━━━ STORED DATA
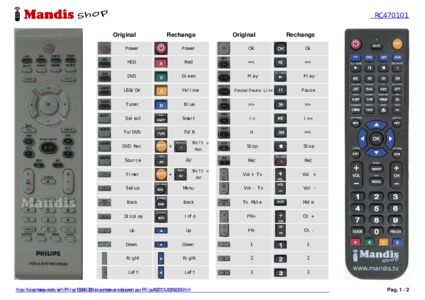 Un document est inclus pour vous aider à utiliser facilement la nouvelle télécommande, en indiquant la correspondance des boutons.
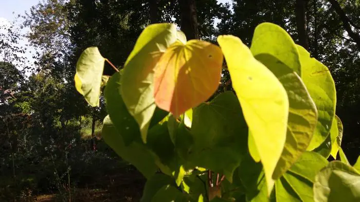 Die Blätter sind herzförmig und haben im Laufe der Jahreszeiten eine schöne Verfärbung. Im Frühling tiefes Orange zu Gelb-Orange zu Gelb, im Sommer von leuchtendem Grün und endet im Herbst mit Rot-Orange.
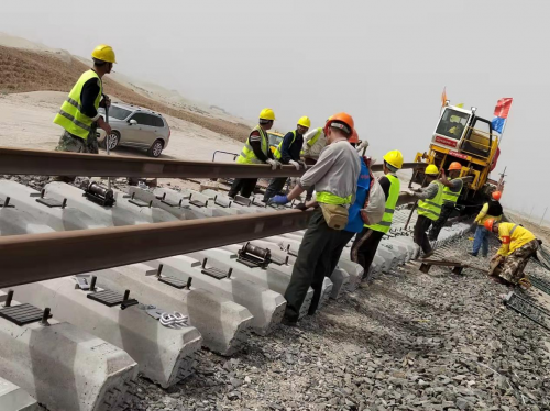 中鐵一局新運公司承擔著全線215孔T梁制架、114.6公里正線鋪軌、40組道岔鋪設以及線路上砟整道等施工任務。為高質量推進施工生產進度,項目部將原計劃邊鋪邊架的機械架梁方案改為更為靈活的汽車吊架梁,投入各類吊車13臺,截止目前已完成T梁架設197孔,期間創造了日架梁5孔的好成績。
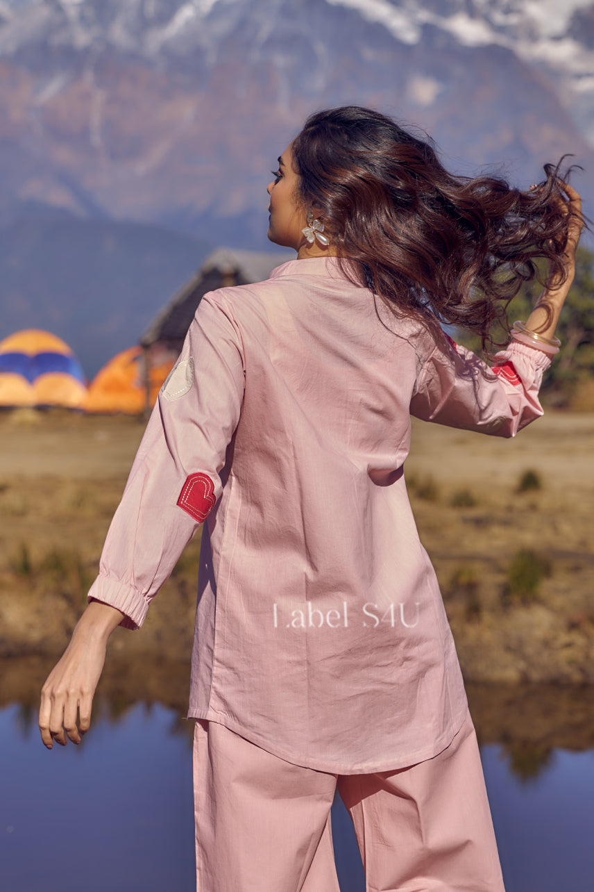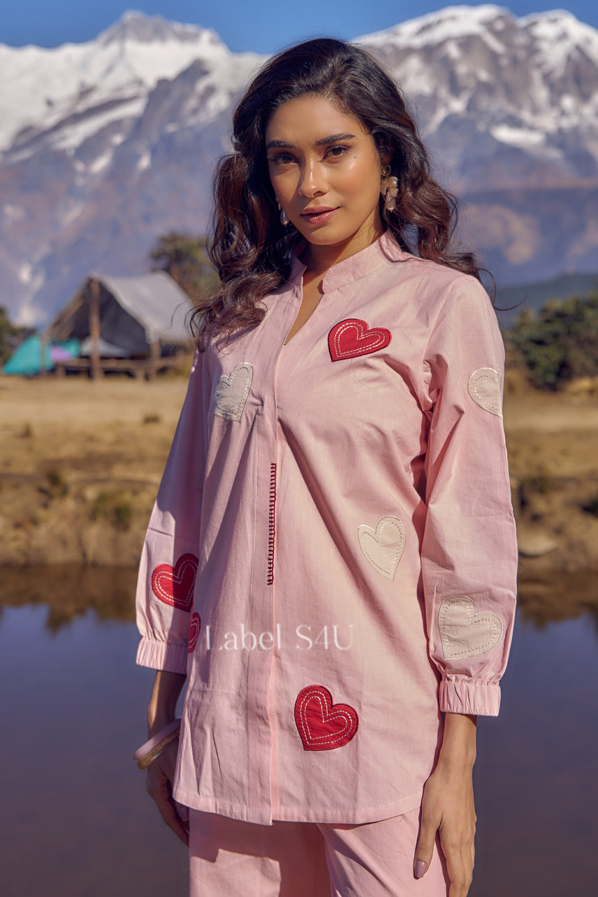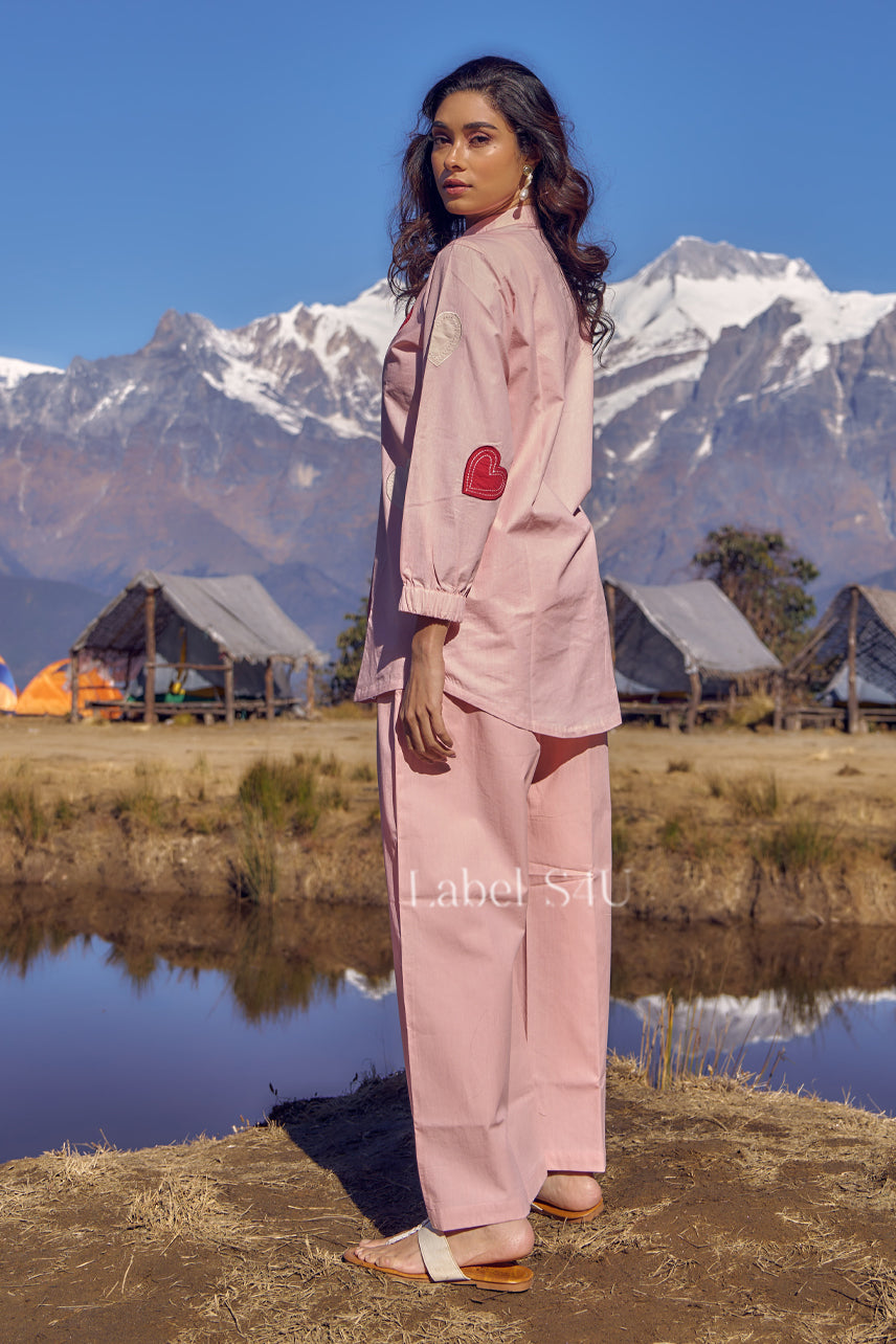 Playful and easygoing, this pink co-ord set features a relaxed straight shirt with statement heart appliqué detailing, paired with wide-leg matching pants. Designed in soft, breathable fabric with a clean silhouette, this casual summer outfit blends comfort with a modern, youthful vibe. Light, airy, and effortless it’s perfect for women who love stylish everyday dressing.
━━━━━━
The data above should be restated exactly, with its images dropped.

 Un document est inclus pour vous aider à utiliser facilement la nouvelle télécommande, en indiquant la correspondance des boutons.
 Die Blätter sind herzförmig und haben im Laufe der Jahreszeiten eine schöne Verfärbung. Im Frühling tiefes Orange zu Gelb-Orange zu Gelb, im Sommer von leuchtendem Grün und endet im Herbst mit Rot-Orange.
 中鐵一局新運公司承擔著全線215孔T梁制架、114.6公里正線鋪軌、40組道岔鋪設以及線路上砟整道等施工任務。為高質量推進施工生產進度,項目部將原計劃邊鋪邊架的機械架梁方案改為更為靈活的汽車吊架梁,投入各類吊車13臺,截止目前已完成T梁架設197孔,期間創造了日架梁5孔的好成績。
 Playful and easygoing, this pink co-ord set features a relaxed straight shirt with statement heart appliqué detailing, paired with wide-leg matching pants. Designed in soft, breathable fabric with a clean silhouette, this casual summer outfit blends comfort with a modern, youthful vibe. Light, airy, and effortless it’s perfect for women who love stylish everyday dressing.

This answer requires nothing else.